Under English law, on the basis of a settled statement of the law at this level, it is therefore not required that the European Arrest Warrant should state that a sentence initially suspended was later activated. All that is necessary is that the founding decision upon which the European Arrest Warrant was based, namely the conviction of the appellant and the imposition of a sentence of imprisonment upon him, must be stated on the face of the warrant.
On that analysis, this warrant fully complies with the requirements of section 2(6).
For these reasons, which are rather longer than given by the District Judge in deference to the skill and detail of the arguments addressed to me, I dismiss this appeal.
MR STANSFELD: My Lord, I am grateful. Can I just make one observation. My Lord made reference to the fact that I appeared in the court below when it was not, I have only appeared on appeal, it was Ms Gildernew, my instructing solicitor.

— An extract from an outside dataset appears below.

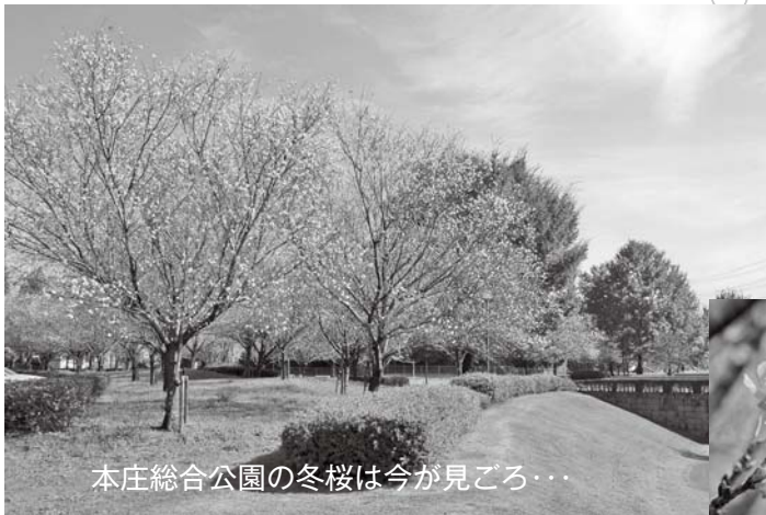
本庄総合公園の冬桜は今が見ごろ...

MR JUSTICE MITTING: I am so sorry, you are quite right. You told me so as well, so it is my slip. If ever I have to correct a transcript, which given that this is an appeal I will have to, I will correct that mistake.
MR STANSFELD: My Lord, I am very grateful. My Lord, it will come as no surprise that I will give consideration to seeking to certifying a question in this matter. I am not in a position, and I do think it would be wise, to try and create one on my feet now.
MR JUSTICE MITTING: No, I do think that would be wise either.
MR STANSFELD: I have 14 days in which to put it before the court. May I ask simply ask at this stage therefore for an expedited transcript. I have taken a fairly detailed note but of course an expedited transcript will enable me to ensure that I am postulating the question on a proper basis.
MR JUSTICE MITTING: Yes, I cannot extend your time. This is not an ordinary civil case in which I can extend time for doing things, there is a strict statutory time limit and so you need to have, if it can humanly be done, a corrected transcript from me so that you can formulate your question appropriately.